It should be noted that custom operators do not yet support dynamic shape scenarios where the shape of the operator output depends on the value of a specific input.

The Introduction AOT-type Custom Operator Advanced Usage Interface

Main Function

In the source code file, the main function of the operator implementation function must follow the following specifications:

extern "C" int FuncName(int nparam, void **params, int *ndims, int64_t **shapes, const char **dtypes, void *stream, void *extra);

The function name FuncName can be replaced with any valid function name. The return value is of type int, with 0 indicating normal exit and non-zero indicating an exception. The meaning of the parameter list is as follows:

  • nparam (int): The total number of inputs, outputs, and intermediate variables. For example, if the operator has 2 inputs, 1 output, and 1 intermediate variable, then nparam is 4.

  • params (void **): An array of pointers to inputs, outputs, and intermediate variables. For example, if the operator has 2 inputs, 1 output, and 1 intermediate variable, then params[0] points to the memory of the first input data, params[1] points to the memory of the second input data, params[2] points to the memory of the output data, and params[3] points to the memory of the intermediate variable.
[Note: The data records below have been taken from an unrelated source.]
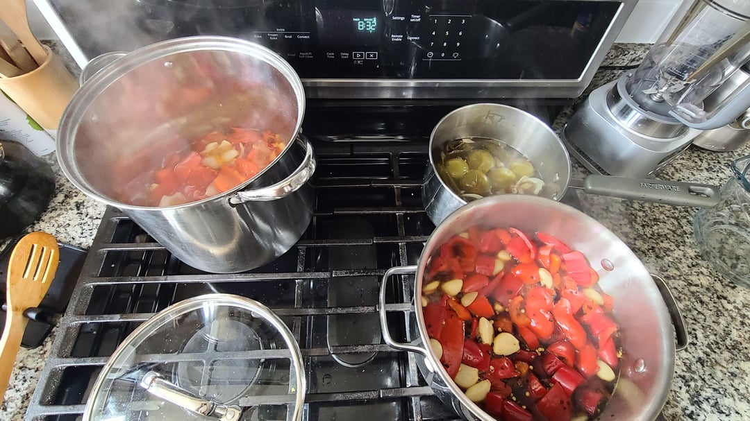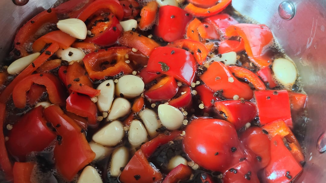Bottom right: 800g red bell, 800g red jalapeno, lots of garlic, fermented black garlic and of course, some other stuff.
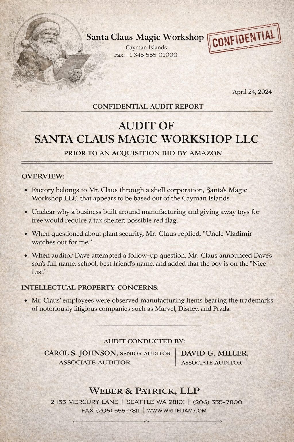 EXCERPTS FROM AN AUDIT CONDUCTED ON THE FACTORY FLOOR OF SANTA CLAUS MAGIC WORKSHOP LLC PRIOR TO AN ACQUISITION BID BY AMAZON
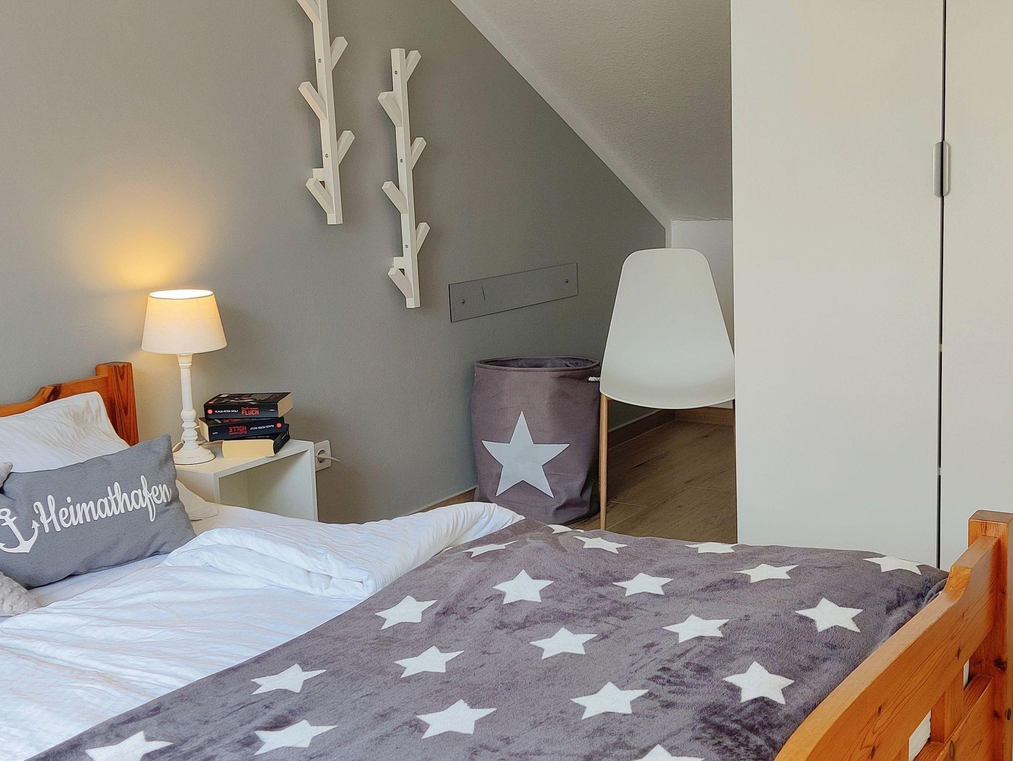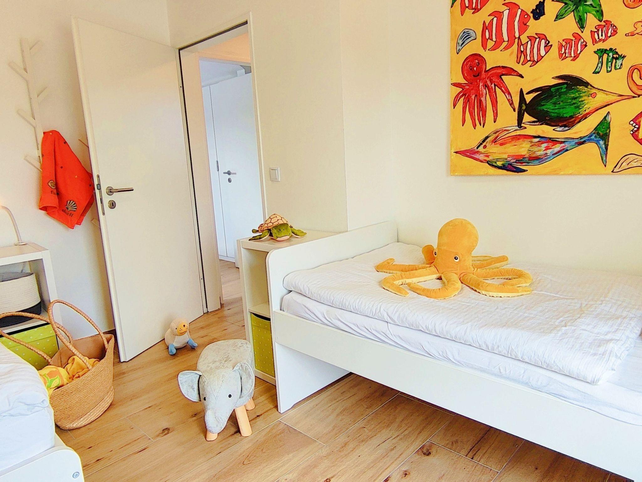 Im Obergeschoss empfangen Sie zwei Schlafzimmer. Das Eltern-Schlafzimmer mit Doppelbett (180 x 200 cm) und kappbarem Babybett sowie dem Kinder-Schlafzimmer mit zwei Einzelbetten (90 x 200cm und 90 x 190cm). Ein Badezimmer mit Badewanne, Toilette und Waschmaschine.
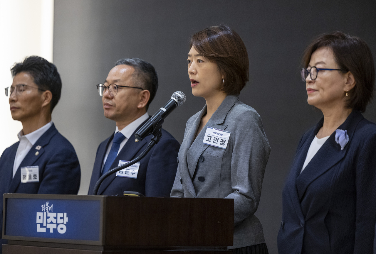 | 지난달 더불어민주당 고민정 의원을 비롯한 국회 교육위원회 소속 의원들이 민주당 워크숍이 열린 인천 중구 파라다이스시티 컨벤션에서 이배용 국가교육위원회 위원장 사퇴를 촉구하는 기자회견을 하고 있다. [연합] |
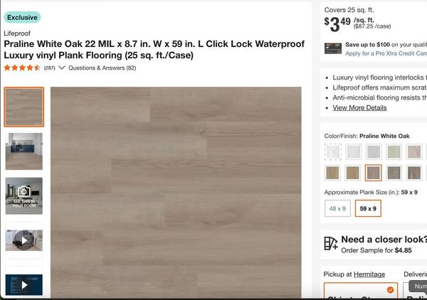 7 mm thickness x 8.7 in. width x 59 in. length; 22 mil wear layer
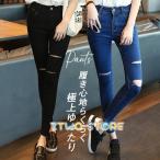 【15日限定10%OFFクーポン】スキニーパンツ デニムパンツ レディース デニムジーンズ 切りっぱなし裾 ジーパン 9分丈 ロング丈 長パンツ ロングパンツ タイトパンツ ハイウエスト ジーンズ クラッシュ カットオフ キレイめ ストレッチ 脚長見え効果 通勤 通学 送料無料
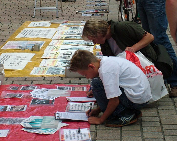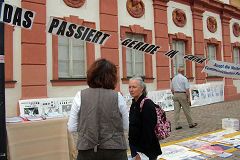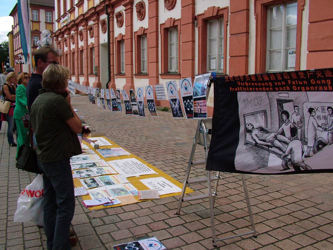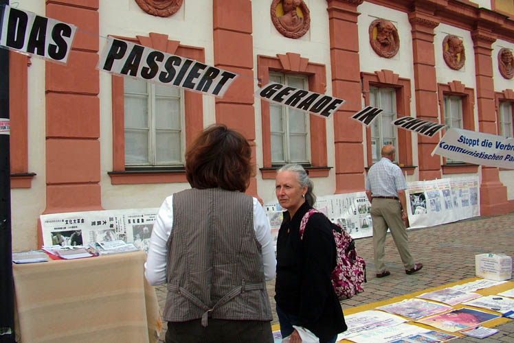 许多音乐团体在街头演出,当了解了法轮功真相后,他们都找别的地方去演奏了,不再用他们的音乐盖住法轮功学员揭露中共活摘器官罪行的德语播音。他们还表示会上网找人权圣火的主题歌的曲谱来演奏。

  • ndims (int *): An array of dimensions for inputs, output,s and intermediate variables. For example, if params[i] is a tensor with shape [1024, 1024], then ndims[i] is 2.

  • shapes (int64_t **): An array of shapes for inputs, outputs, and intermediate variables. For example, if params[i] is a tensor with shape [1024, 1024], then shapes[i][0] is 1024 and shapes[i][1] is 1024.

  • dtypes (const char **): An array of data types for inputs, outputs, and intermediate variables. The elements in dtypes can take values among the list "float32", "float16", "float", "float64", "int", "int8", "int16", "int32", "int64", "uint", "uint8", "uint16", "uint32", "uint64", and "bool".

  • stream (void *): The pointer to a CUDA stream, only required for GPU operator implementation.

  • extra_void (void *): The pointer to a data structure related to attributes.

Initialization Function

To support operator attributes and intermediate variables, we need to define an operator initialization function. The definition of the operator initialization function must follow the following specifications:

extern "C" int FuncNameInit(int *ndims, int64_t **shapes, const char **dtypes, AotExtra *extra);

The function name FuncName is the name of the operator main function. The return value is of type int, with 0 indicating normal exit and non-zero indicating an exception. The meaning of the parameter list is as follows:

  • ndims (int *): Array of dimensions for input and output shapes.

  • shapes (int64_t **): Array of shapes for inputs and outputs.

  • dtypes (const char **): Array of data types for inputs and outputs.

  • extra (AotExtra *): Custom operator extensions with attributes. The AotExtra type is defined in the header file custom_aot_extra.h provided by MindSpore.

Shape Inference Function

To support dynamic shape, a C++ version of the shape inference function needs to be added to the custom operator of Aot type. The definition of the operator shape inference function must meet the following specifications:

extern "C" std::vector<int64_t> FuncNameInferShape(int *ndims, int64_t **shapes, AotExtra *extra)

The function name FuncName is the name of the operator main function. The return value is of type std::vector<int64_t> and represents the output shape. The meaning of the parameter list is as follows:

  • ndims (int *): Array of dimensions for input shapes.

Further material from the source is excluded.